Hey Everybody! I just wanted my readers to know that I love getting comments. There are days when I really don't want to post anything because I just don't feel like anyone is visiting me. I question the point of my blog if I'm just writing for myself. Every so often I get a comment or someone tells me they miss my blog and I feel so rejuvinated and I want to do it more. So, leave comments and let me know what you think. Thanks!
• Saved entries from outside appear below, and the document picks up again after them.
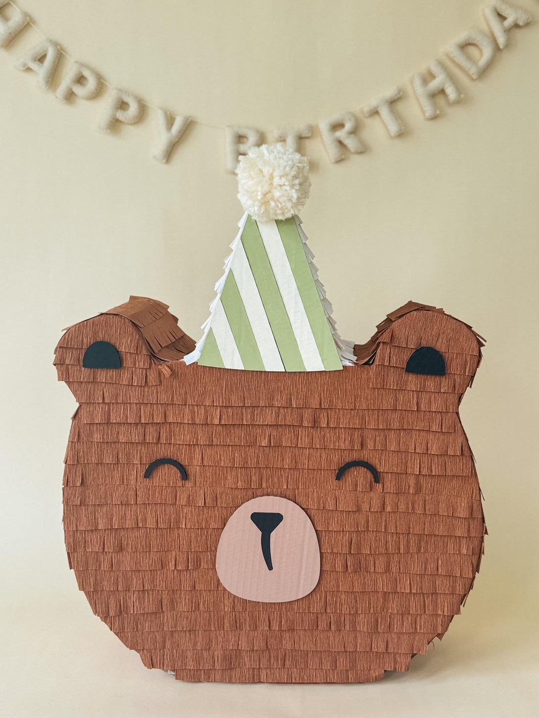 Adorable Bear Design: A lovable bear piñata with festive details, perfect for birthday themes, kids’ parties, and family gatherings.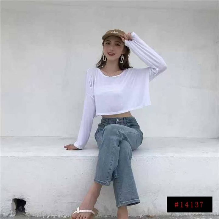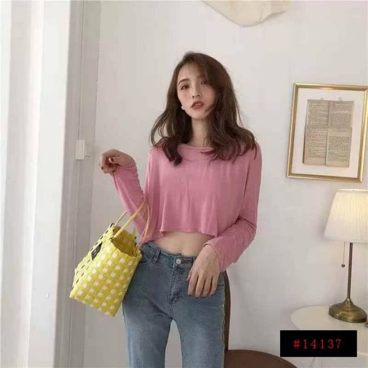 240件左右慵懒风露脐洋气短款靓妹宽松高腰露腰长袖T恤上衣,莫代尔面料柔软舒适高弹力,单款色多,尺码XS-XL,独立包装!全清2.9@_@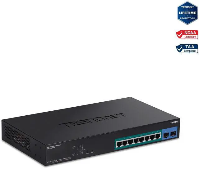 TRENDnet 10-Port Gigabit Web Smart PoE+ Switch with 8 Gigabit PoE+ Ports, 2 SFP Slots, 130W PoE Budget, VLAN, QoS, LACP, IPv4/IPv6 Static Routing,Lifetime Protection, Black, TPE-1021WS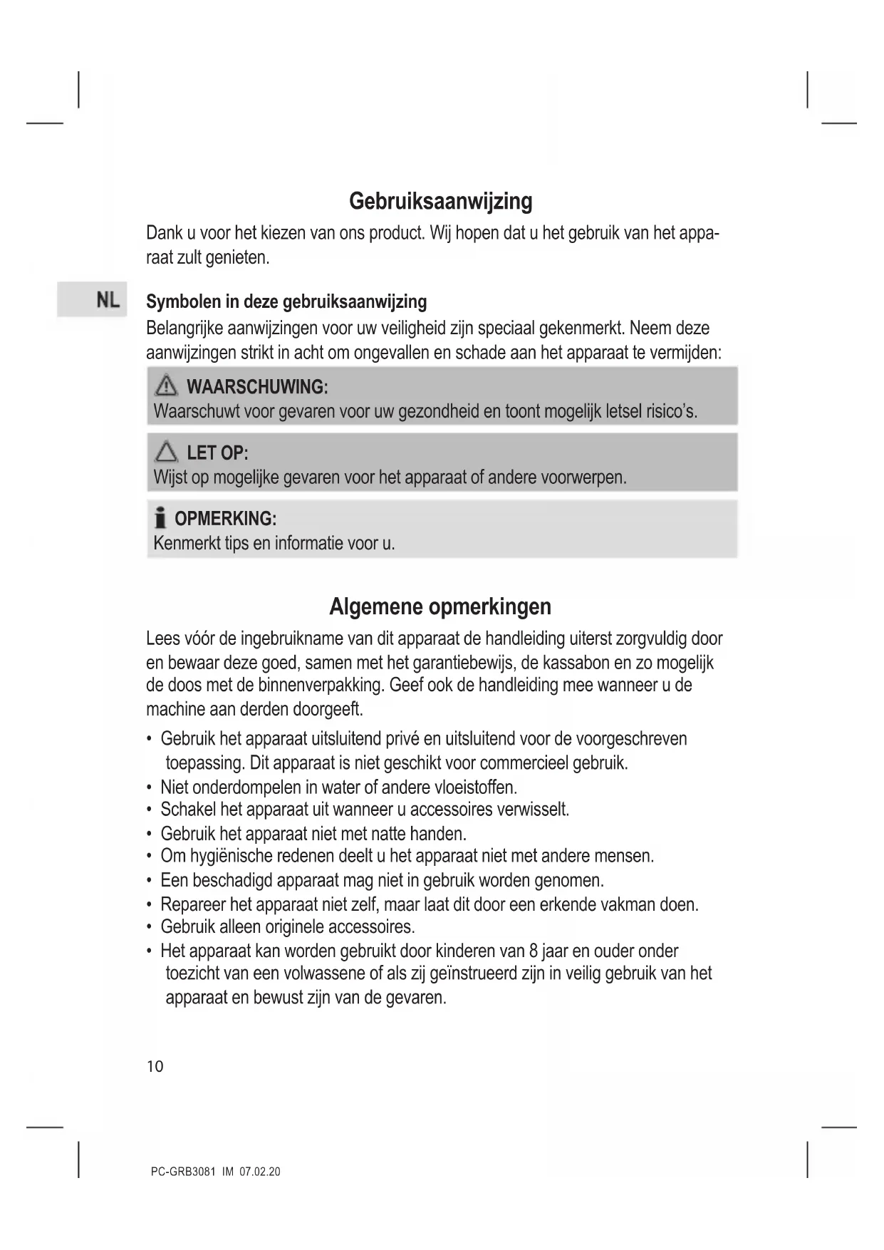 - Geben Sie das Gerät am Ende der Lebensdauer nicht in den Hausmüll. Bringen Sie es zum Recycling zu einer ofziellen Sam- melstelle. Auf diese Weise helfen Sie die Umwelt zu schonen.10 PC-GRB3081_IM 07.02.20 Gebruiksaanwijzing Dank u voor het kiezen van ons product. Wij hopen dat u het gebruik van het appa- raat zult genieten. Symbolen in deze gebruiksaanwijzing Belangrijke aanwijzingen voor uw veiligheid zijn speciaal gekenmerkt. Neem deze aanwijzingen strikt in acht om ongevallen en schade aan het apparaat te vermijden: WAARSCHUWING: Waarschuwt voor gevaren voor uw gezondheid en toont mogelijk letsel risico’s. LET OP: Wijst op mogelijke gevaren voor het apparaat of andere voorwerpen. OPMERKING: Kenmerkt tips en informatie voor u. Algemene opmerkingen Lees vóór de ingebruikname van dit apparaat de handleiding uiterst zorgvuldig door en bewaar deze goed, samen met het garantiebewijs, de kassabon en zo mogelijk de doos met de binnenverpakking. Geef ook de handleiding mee wanneer u de machine aan derden doorgeeft.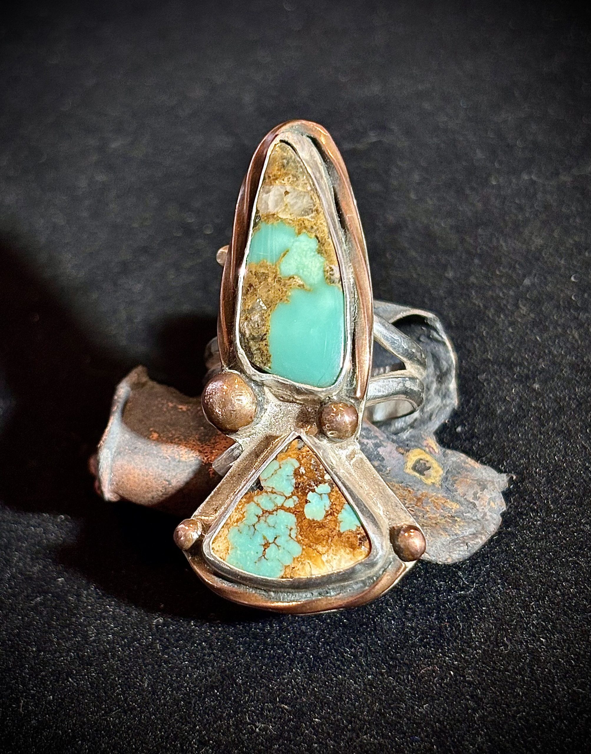 Vintage Turquoise set in Sterling Silver with copper accents. Approximately 41mm x 20mm. Sterling band is adjustable, please select size.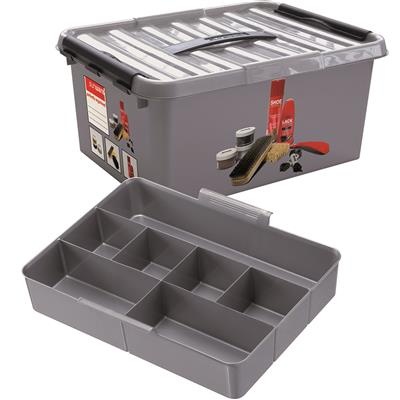 This box is delivered including an instert tray with compartments in which you can for example keep shoelaces, small sponges, buttons etc. In the lower part of the storage box you can keep your shoe polish, aerosols, shoe brushes etc.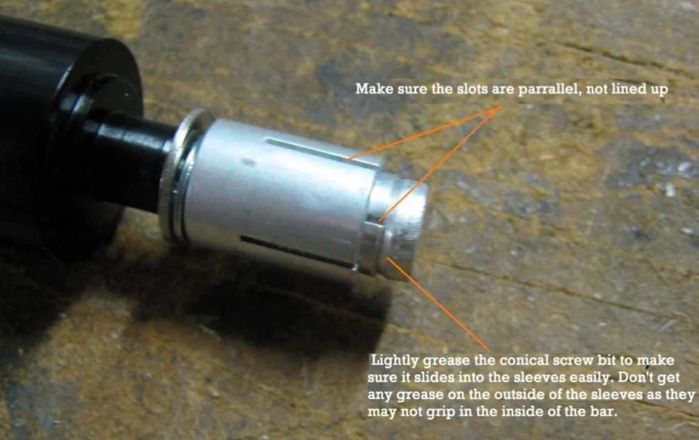 - Dokręć śrubę przed próbą dopasowania jej do drążka.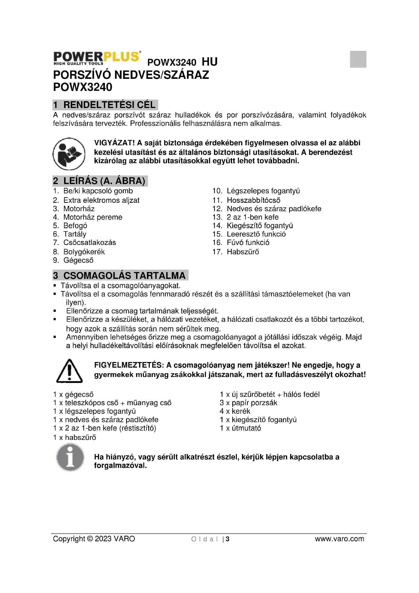 - Azok az eszközök és alkatrészek, melyek a jótállás keretében kerülnek kicserélésre, a Varo NV tulajdonát képezik.POWX3240 HU Copyright © 2023 VARO O l d a l | 10 www.varo.com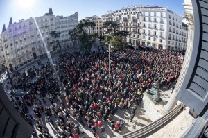 Coreando lemas como «¡Qué vergüenza, qué vergüenza, nos roban las pensiones, sanidad y dependencia!», «¡Pueblo de Madrid,...

One Thousand Gifts, Part 2




11) Firewood
12) Chris teaching me to build my own fires
13) A fire on a cold day
14) Christmas lights everywhere
15) Christmas trees...especially real
16) Caleb likes squash!
17) The chance to sell books on eBay
18) Our Concept2 Indoor Rowing Machine
19) Jack Russell Terriers--Eowyn
20) The Church Nursery
21) Non-Mommy Time (a time for me to get away without Caleb)
22) Caleb sleeping in the car (almost like Non-Mommy Time)
23) Being able to stay home with Caleb
24) Have both sides of the family so close to us
25) My Small Group
26) Netflix
27) Criminal Minds--my guilty pleasure on tv
28) Our Teaching Pastor turning the Bible alive each Wednesday night
29) Voice of the Martyrs
30) Dates with Chris
31) How readily available babysitting is for us...usually just one phone call away (even last minute)
32) How supportive and encouraging Chris is with my crazy ideas





Tuesday, November 28, 2006

I am having a rough moment right now. I put Caleb down in his crib hoping he would fall asleep and take his nap. For a long time I've allowed him to nap in his swing or on my bed and without any sort of a schedule. I've known that "forcing" him to spend time in his crib was inevitable but I just didn't want to listen to his cries. Well, I've finally done it and he is squawking his head off right now. Have strength, Mommy, have strength. Whoo!

One Thousand Gifts...



It sure has been forever since I've been here. I could say that I am too busy or that I have better things to do. But, the truth is that I just don't want to be honest and vulnerable right now. I've been coming to a lot of conclusions lately as I TRY to regain some sense of a devotional time with God after Caleb's birth. Some of these conclusions have been rather profound...like how much Mom's death has really affected my relationship with God. I guess you could say that God and I are working things out even though the truth is that I am doing the working because God never really changed nor moved in this whole situation. I am sure that more will be said about that whole process. I've been really desiring to write here lately and perhaps it will be good for me to have a creative outlet to be honest and vulnerable but to also have fun. I was told this past weekend that my blog was actually missed by my family and that gave me a twinge of guilt and also motivation to do it again. So, this is what I'm proposing. I am going to do this One Thousand Gifts thing from Christian Women Online to start me off again. I am sure that jotting down One Thousand Gifts in my life will do me and my faith a world of good. I am sure I will probably start out broad and have to start going more and more specific. Here I go...

1) A Wonderful Thanksgiving with both sides of the family
2) Caleb
3) Beautiful Fall Colors
4) The joy of homemade baby food
5) A sweet dog named Eowyn
6) MOPS...thanks ladies at the Savannah Christian Church MOPS group. Y'all are GREAT!!
7) Baby and Doggie toys all over my floor. The clutter reminds me of the love in the family.